Hier sind die Spieler aber oft erstaunlich "folgsam" und versuchen sich zwar dran, sich an anderen Nullpunkten auszurichten, aber irgendwann wird es zäh geht es in die Inaktivität, weil es zu viel in Grübelei ausartet oder ihnen es keine Freude macht, immer nur Meinungen (einer vergangenen/fiktiven Welt) zu behandeln statt ihre Meinung einzubringen. Wobei es natürlich auch die (vielen) Leute gibt, die dann eher in Richtung Empörung gehen, weil sie nicht so rollenspielig denken oder es auch einfach nicht "abkaufen", daß das noch Rollenspiel sei.
Eine andere potentielle "Unsitte" ist es zuweilen, sich über die gespielte weltanschaulich antagonistische Rolle übermäßig lustig zu machen, indem man eine Karikatur daraus macht, aber die Grenzen sind da bekanntlich fließend, wandelnde Stereotypen Karikaturen gibt es ja auch RL. Könnte natürlich auch sein, daß mancher alle Leute, die das Gegenteil von ihnen selbst denken, für ausgemachte Idioten hält.
Schließlich gibt es einen Aspekt, den ich mir noch nie so recht erklären konnte: Simuliere ich eine Diktatur, was ja fast immer Rollenspiel ist, gibt es einen starken Drang ins Kabinett und andere Staatsämter, aber kaum einen in die Opposition auf der Straße. Das könnte man jetzt in Richtung Lanrezacs Kaisersache deuten. Aber das glaube ich nicht so recht.
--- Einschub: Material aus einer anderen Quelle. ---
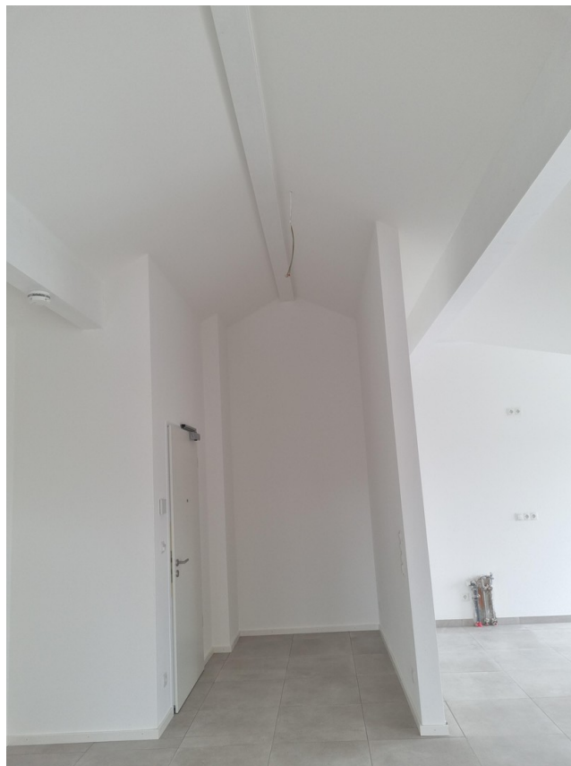
Eingangsbereich m. toller Höhe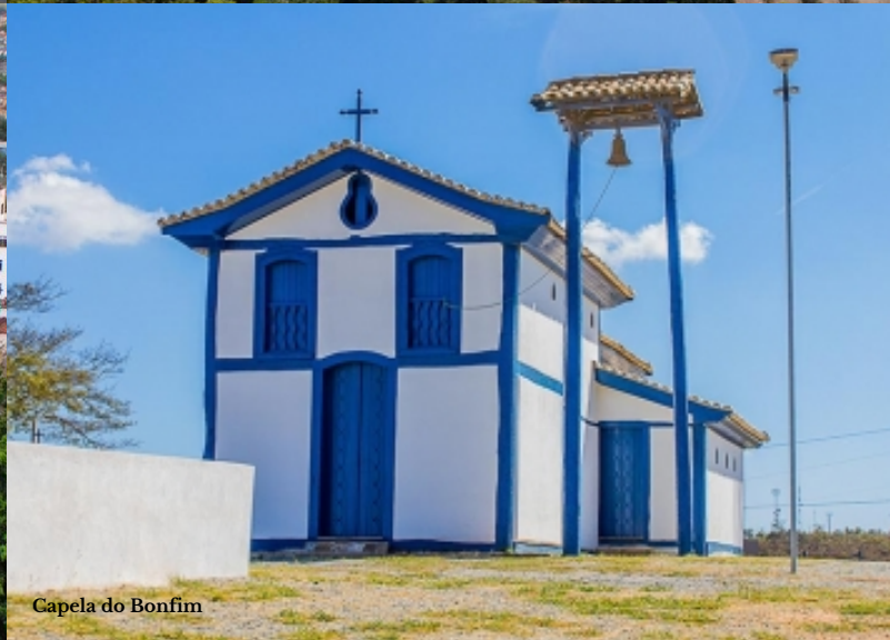
Capela do Bonfim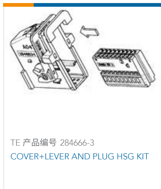
TE 产品编号 284666-3 COVER+LEVER AND PLUG HSG KIT

Vielleicht ist es die fehlende Detailkenntnis (*), oder das unwohle Gefühl, sich vorzustellen, wie man sich vielleicht selbst als Unterworfener in so einem Regime verhalten würde. Denn als nordkoreanischer Normalbürger wird man sich vielleicht eher denken können als in Kims Kabinett zu sitzen.
(*) "Jawohl mein Führer" zu rufen und mirt markigen Worten beizupflichten ist halt doch eine einfachere Geschichte als die kleinen Freiräume asuzuloten, die man hat sich über das Regime lustig zu machen, oder Apparatschiks mit den eigenen "Glaubenssätzen" auszumanövrieren, oder sich auch nur als Unterworfener des Autoritären und Totalen zu denken, der gehorchen muß.
Generell sind die MNs ja irgendwie Ort der lauten Töne und der handfesten Gegensätze. Man sieht es doch selbst hier wo noch manchem Verfechter des Rollenspiels das Debattieren als das Diskutieren näher ist. Auch die Rollenspielanhänger in den MNs haben meist recht dezidierte politische und sonstige Ansichten. Daß aber nicht auch - im Grunde überall - Platz für anderes wäre, wie Lanzrezac meint, scheint mir verfehlt. Es ist ja nicht so, daß die klassischen MNler Rollenspieler ausgrenzen oder nicht akzeptieren würden, sie haben allerdings eben oft andere Motivationen und werden dem Rollenspieler nicht immer mit den gleichen Finessen entgegentreten.
Ich persönlich sehe mich übrigens weder als das eine noch das andere, denn ich schreibe durchaus Posts mit seitenweise Begleittext, mir sind aber auch Kurzposts nicht immer fremd, versuche aber durchaus "Qualitätsposts" auch dementsprechend zu beantworten. Aber im Eifer des Gefechts, oder anderen mißlichen Umständen, da kommt es vor. Mit manchen Themen kann man wohl auch einfach nichts anfangen, oder zumindest noch nicht oder nicht mehr.